Boston Cream Fudge Delight (Print Version)

# Ingredients:

01 - 2 cups granulated sugar
02 - ¾ cup unsalted butter
03 - ⅔ cup heavy cream
04 - ¼ cup light corn syrup
05 - 6 ounces white baking chocolate, chopped
06 - 7 ounces marshmallow cream
07 - 1 teaspoon vanilla extract
08 - 1½ tablespoons unsweetened cocoa powder, sifted to remove any clumps
09 - 1 cup semi-sweet chocolate chips
10 - 1½ tablespoons vegetable oil

# Instructions:

01 - Line an 8x8-inch baking pan with parchment paper, leaving an overhang to lift out the fudge.

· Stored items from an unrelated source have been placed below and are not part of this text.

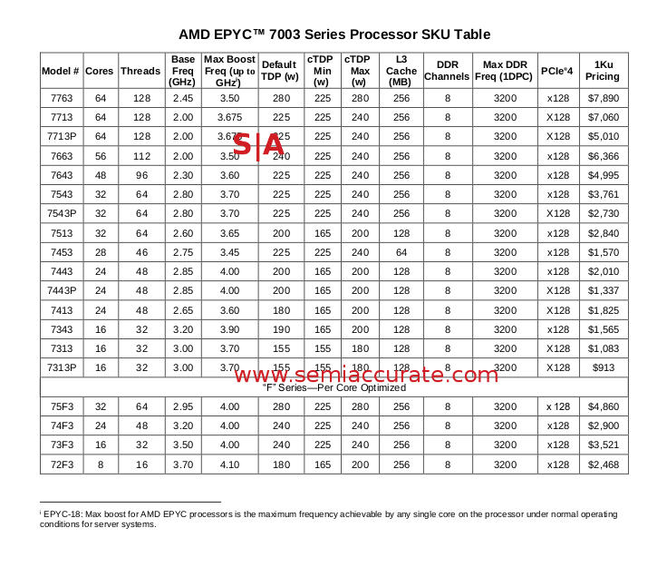 Lets start it out with the obvious, a look at the six new SKUs from AMD. They range from the new, there were no mainstream 8C Milans before, to massive price cuts on the rest. One other bit, four of those six new Epycs are single socket variants (-P suffix) which may explain some of the MSRP cut. Lastly the 16C SKUS are slightly slower than existing options but also use a bit less wattage. If you are thinking this launch is little more than codifying popular existing but not public OEM/volume customer options, you would probably be right.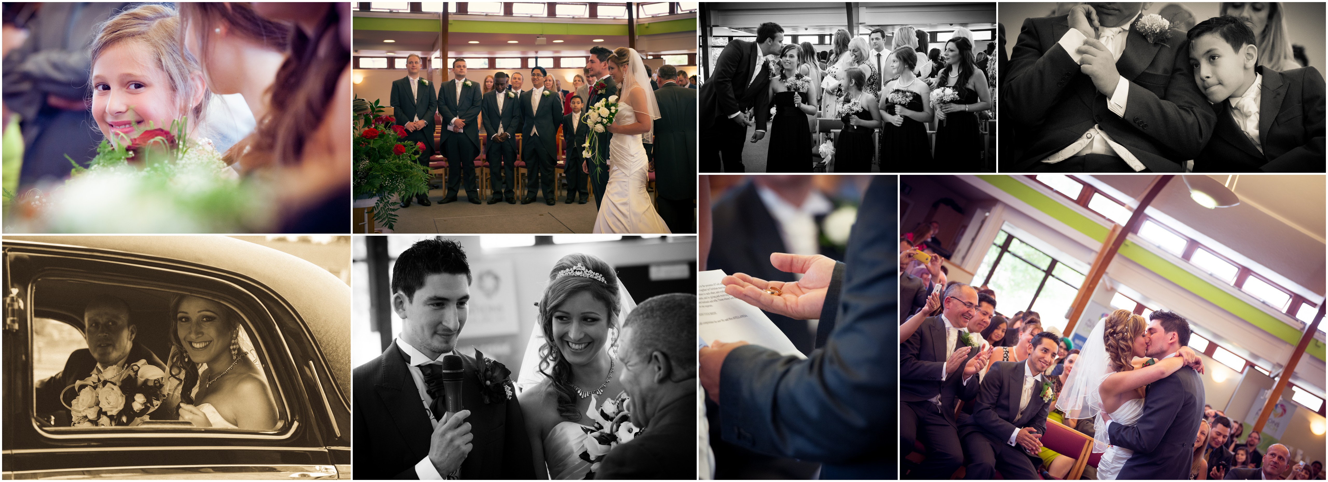 It always amazes me how in the space of a couple of hours, a house full of people in casual wear will gradually evolve into a home full of glamour, as one by one, everyone’s look is completed and it all comes together. Zoey wore a stunning strapless fishtail gown which had some sparkle detail to complement the tiara and earrings she was wearing. This was finished off with a very special beautiful necklace that had belonged to Zoey’s grandmother. As I set off for the church, I left behind the 3 younger bridesmaids who were upstairs, giggling and chatting as they created their own handmade confetti and planned who they would be coming down the aisle with. It was such a big day for them too; I was so pleased to see them enjoying every second of it.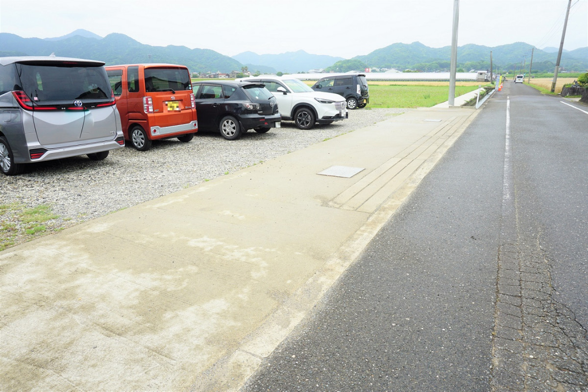 店舗前3台、道を挟んだ向かいに7台とめれます。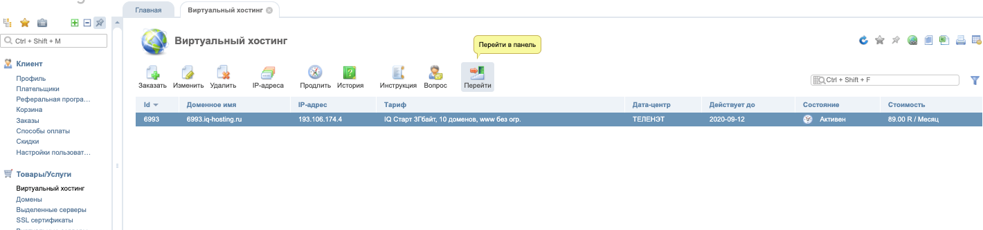 Авторизуйтесь в биллинге и перейдите в раздел "Товары и Услуги" - "Виртуальный хостинг", далее выделите услугу у которой необходимо добавить www aliase, и нажмите кнопку в верхнем меню - "Перейти в панель"
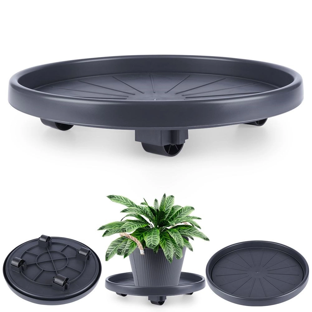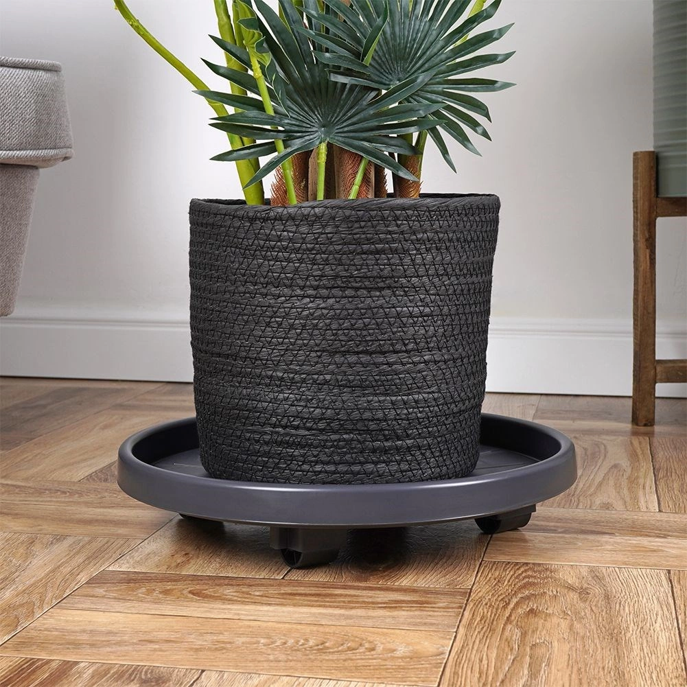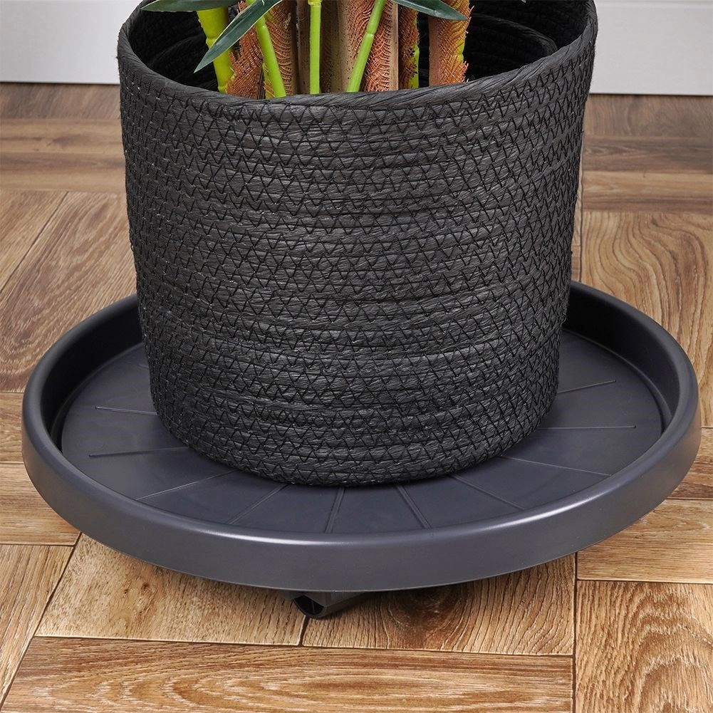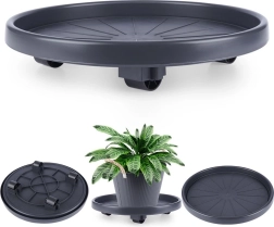 Wykonana z wysokiej jakości, wytrzymałego tworzywa w ciemnoszarym odcieniu z czarnymi kółkami dla długiej żywotności. Podstawka jest uniwersalna do użytku wewnątrz i na zewnątrz – ułatwia sprzątanie, zmiany aranżacji oraz sezonowe przenoszenie roślin, a jednocześnie chroni powierzchnię podłóg.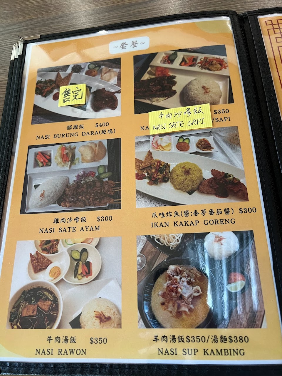2人用餐點了羊肉麵、牛肉沙嗲飯、轟炸雞、炸巧克力香蕉、斑蘭奶茶。飯麵有套餐,含小菜,小菜清爽,能中和掉肉味,而肉都處理恰到好處。老闆非常親切,用餐時還會關心餐點是否合口味。整體而言是很棒的用餐經驗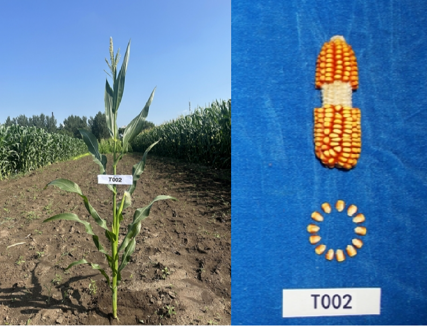 在适应区出苗至成熟生育日数为125天左右,需≥10℃活动积温2650℃左右。该品种幼苗期第一叶鞘紫色,叶片绿色,茎绿色。雄穗一级分枝7~9个,颖壳紫色,花丝紫色,花药绿色。株高190厘米,穗位高85厘米,成株可见15片叶。果穗短筒型,穗轴红色,穗长16.1厘米,穗粗4.6厘米,穗行数12~14行,籽粒偏马齿型、粒色黄色,百粒重29.3克。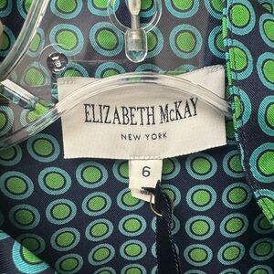 NWT Elizabeth McKay 100% Silk Elizabeth Blouse in Navy & Green Polkadot, size 6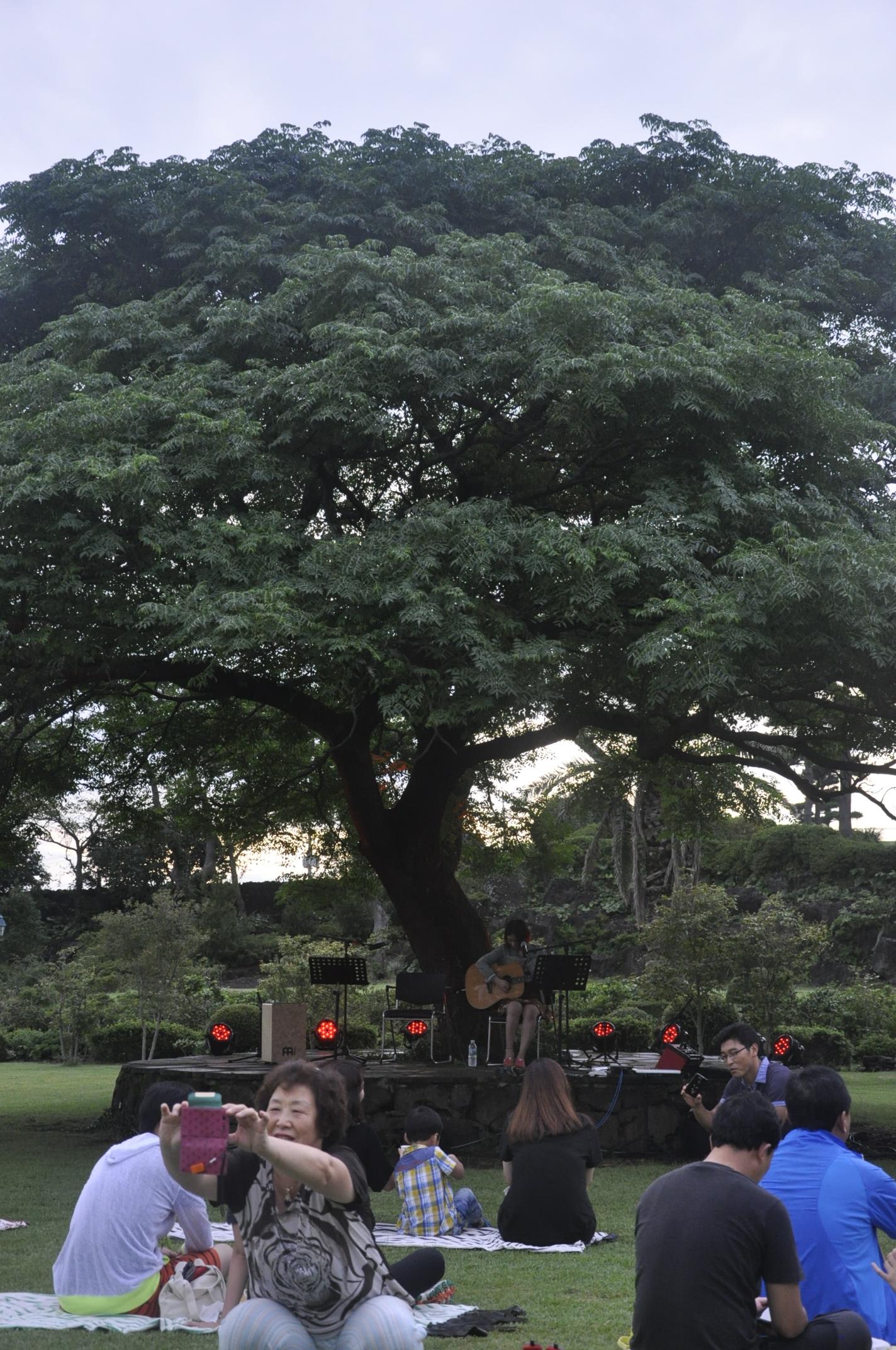 오전에는 집에서 쉬고 다들 리허설을 하러 나갔다. 야외 사운드인지라 소리를 잡는데 전문 엔지니어가 필요했고 내 기억에 꽤 많은 비용을 지불한 것으로 알고 있다. 이 날은 비가 온다는 소식 때문에 카멜리아 힐에 사람들이 썩 오지 않았다. 여긴 원래 동백이 유명한 곳이라 겨울이 히트인데 여름에 사람들을 더 모을 콘텐츠를 개발 중이라 했다. 맥주도 마시고 도시락 먹으면서 야외에서 음악을 즐기는 페스티벌 시즌을 만들고 싶었던 차에 우리가 당첨되었던 것이다.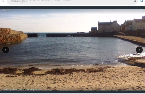 Ground floor apartment in the east neuk village of cellardyke. One double bedroom, open plan kitchen dining and livingroom, beautiful sea views overlooking the may island and beyond. All on one level with the bathroom having a walk in shower. Everything in the property for a self catering holiday. There is parking at the door of the property. There is no garden at the property. Close by there is a shop, bakers, and haven restaurant beside the old harbour in cellardyke. The property licence number is F1-00926-F fife council.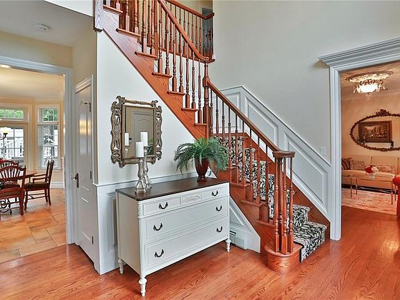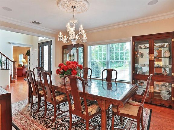 Elegant, five bedroom colonial on picturesque cul-de-sac. Stunning 2 story entry with soaring ceilings. All top of the line stainless steel Dacor and Subzero appliances, oak hardwood floors, Quakermaid - maple kitchen cabinets with elegantly edged granite counters. Family room features a Mendota gas fireplace with custom mantle and granite and complete surround sound capacity. Stately living room and dining room with custom moldings. Designer, Hunter Douglas window treatments. Crown moldings galore on all levels and in all rooms. Master bedroom suite with custom tray ceiling, two- custom walk-in closets. Oversized marble master bath with jacuzzi and oversized walk-in shower with large custom plumbing fixtures. Fabulously tiled baths, fully finished basement with dimmable theater lighting and complete surround sound system. This home is over 4900 SF of living area. Transom Anderson windows, fully fenced, sprinklers, alarm, bluestone walkways and patio.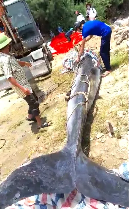 Sau khi nhận được tin báo, chính quyền xã Cẩm Lĩnh và các lực lượng chức năng đã nhanh chóng có mặt tại hiện trường, phối hợp với người dân địa phương tiến hành di chuyển xác cá voi vào bờ.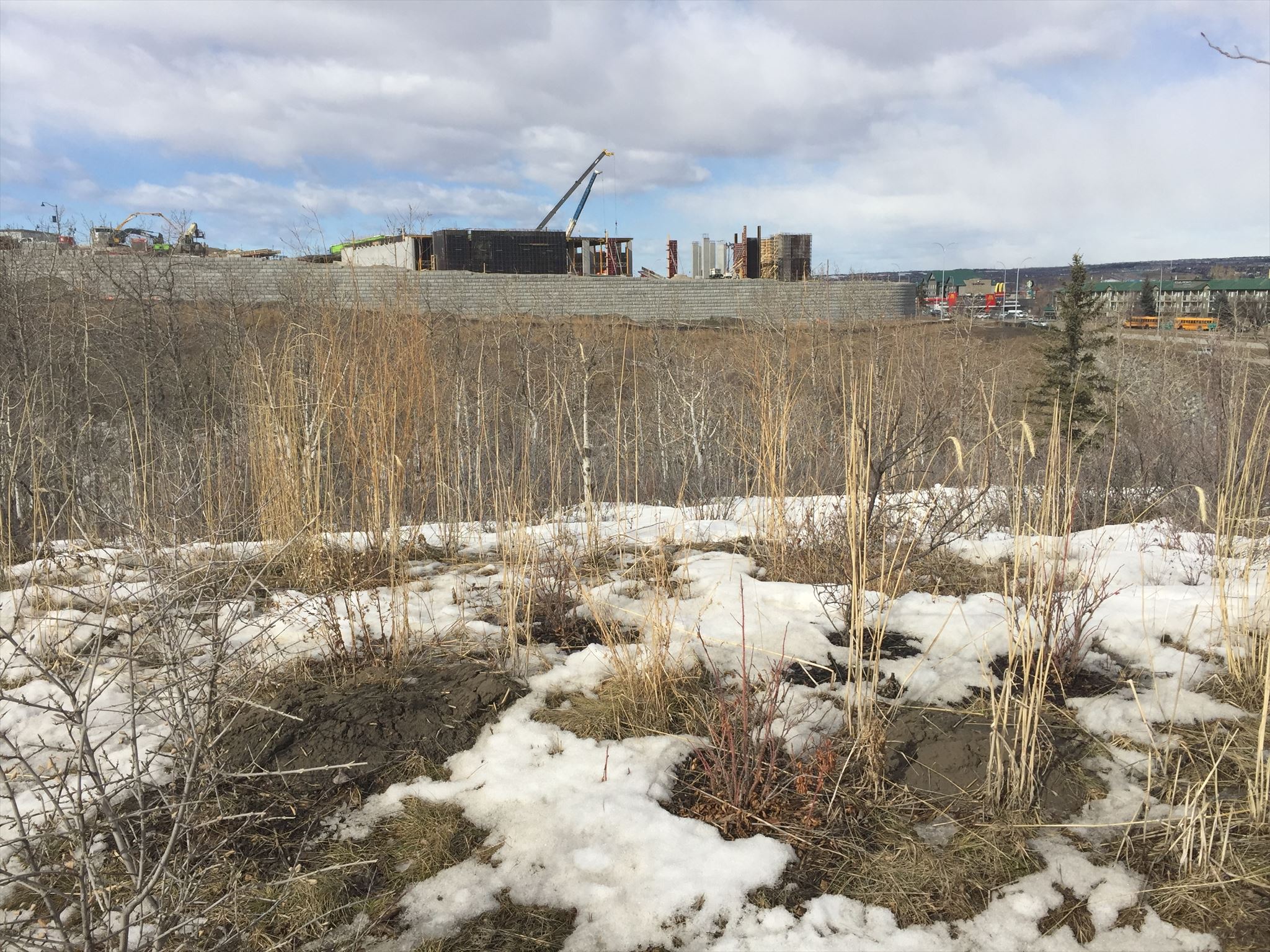 This is a newly developed area in Calgary. Take a drive along Na'a Drive and see the sites. A little to the west of the cache is a ravine. Take a peek and see if you can spot any wildlife.

Spray parchment lightly with nonstick cooking spray.
02 - Combine sugar, butter, heavy cream, and corn syrup in a heavy-bottomed saucepan. Cook over medium heat, stirring constantly, until a rolling boil is reached.
03 - Continue stirring vigorously and boil for 4-5 minutes, until a candy thermometer reads 235-240°F.
04 - Remove saucepan from heat and stir in chopped white chocolate until completely melted and smooth.
05 - Mix marshmallow cream and vanilla extract into the fudge mixture until well combined.
06 - Pour ¾ of the fudge mixture into the prepared baking pan, spreading evenly.
07 - Add unsweetened cocoa powder to the remaining fudge mixture and whisk until fully incorporated.
08 - Carefully spoon the cocoa fudge mixture over the white fudge. Use a toothpick or skewer to swirl the layers for a marbled look.
09 - Allow the fudge to cool at room temperature for 1 hour. Cover with aluminum foil and refrigerate for 1 hour or until firmly set.
10 - Once set, lift fudge from the pan using the parchment overhang and cut into 5x5 or 6x6 pieces with a sharp knife.
11 - Add chocolate chips and vegetable oil to a microwave-safe bowl. Heat on high in 30-second intervals, stirring after each, until melted.
12 - Dip tops of fudge pieces in melted chocolate. Let the chocolate set fully before serving.

# Notes:

01 - Do not over-swirl the layers to ensure a visually distinct marbled effect.
02 - Constant stirring is critical to avoid burning the sugar mixture.
03 - If your kitchen is cool, the fudge can set at room temperature instead of in the refrigerator.
04 - Stir the chocolate mixture when only small unmelted pieces remain, as they will dissolve by residual heat.